La Europa unida se construyó con la voluntad de los pueblos, de los que sin embargo se ha desviado. Sólo logrará sobrevivir si los recobra. Hoy no sólo se trata de salvar el crecimiento económico, sino también, o, quizás sobre todo, de salvar la democracia de la Unión. Los ciudadanos europeos son los únicos que pueden hacerlo y lo harán si están convencidos de que merece la pena.

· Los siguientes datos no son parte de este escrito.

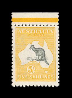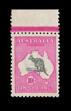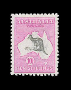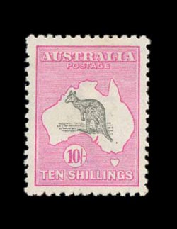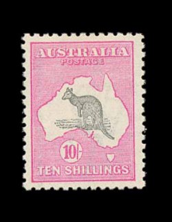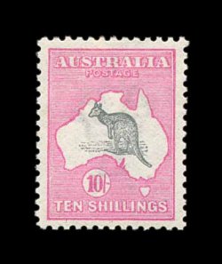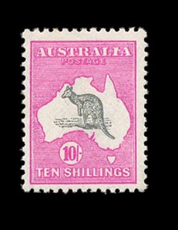 637 og S.G. 43 var. imageS.G. #43 var., 1917 10/- Grey and pink, broken tail on kangaroo, extraordinarily well centered, bright and fresh, o.g., lightly hinged, extremely fine (Scott #55 var.; $400.00+, BW #48Ad; unpriced in this shade). (Image) £400+

Si se les propone un futuro y una política justa.

En muchos sectores académicos e intelectuales europeos se cuestiona y debate la idea de ciudadanía unida a la de nacionalidad por ser considerada una herencia ya superada del modelo liberal y decimonónico de Estado, hoy día obsoleto e inviable. El filósofo alemán J. Habermas pertenece a esa corriente de pensadores que propugna desconectar la noción de ciudadanía de la nacionalidad y contrapone a tal binomio el de “ciudadanía e identidad nacional”.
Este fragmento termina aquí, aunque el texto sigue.